Correct binding properties of Bitcoin eventuality

Eventualities need to be binding not just to a plan, yet to the execution of
the plan (the outputs). Bitcoin's Eventuality definition short-cutted this
under a honest multisig assumption, causing the following issue:

If multisig n+1 is verifying multisig n's actions, as detailed in
multi-multisig's document on multisig rotation, it'll check no outstanding
eventualities exist. If we solely bind to the plan, a malicious multisig n
could steal outbound payments yet cause the plan to be marked as successfully
completed.

By modifying the eventuality to also include the expected outputs, this is no
longer possible. Binding to the expected input is preserved in order to remain
binding to the plan (allowing two plans with the same output-set to co-exist).

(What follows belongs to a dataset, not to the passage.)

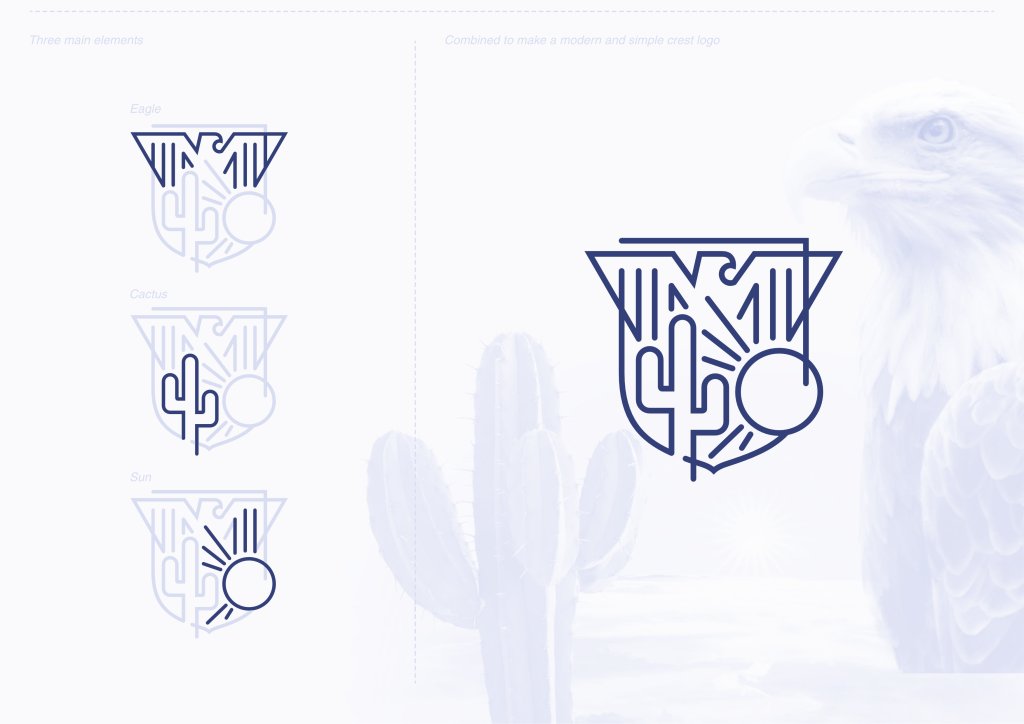 Designing a modern and minimalistic crest logo posed a captivating challenge, requiring a harmonious blend of three distinctive elements: an eagle, a cactus, and a sun. The goal was to create a visual narrative that seamlessly integrated these diverse components while maintaining a sleek and contemporary aesthetic. The eagle, symbolizing strength and freedom, gracefully perched atop the crest, while a stylized cactus and sun added a touch of southwestern charm. The simplicity of the design allowed for versatility, ensuring that the crest could be effectively utilized across various applications while remaining a striking symbol of identity and purpose.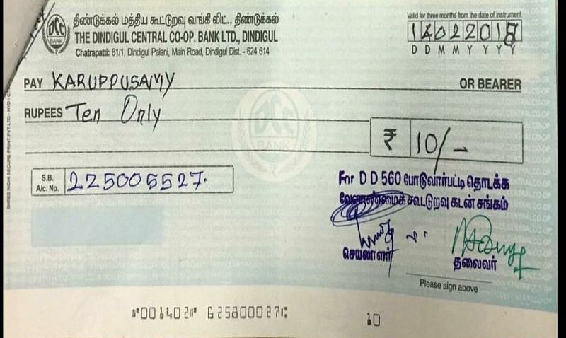 Farmers in Tamil Nadu’s Dindigul received compensation cheques of as low as Rs 5 and Rs 10 in many parts of the state. The cheques have been issued by the Dindigul Central Cooperative Bank Ltd in a bid to alleviate farm distress, reported The Times of India.

coins/bitcoin/src/wallet/send.rs

@@ -232,6 +232,11 @@ impl SignableTransaction {
     })
   }
 
+  /// Returns the outputs this transaction will create.
+  pub fn outputs(&self) -> &[TxOut] {
+    &self.tx.output
+  }
+
   /// Create a multisig machine for this transaction.
   ///
   /// Returns None if the wrong keys are used.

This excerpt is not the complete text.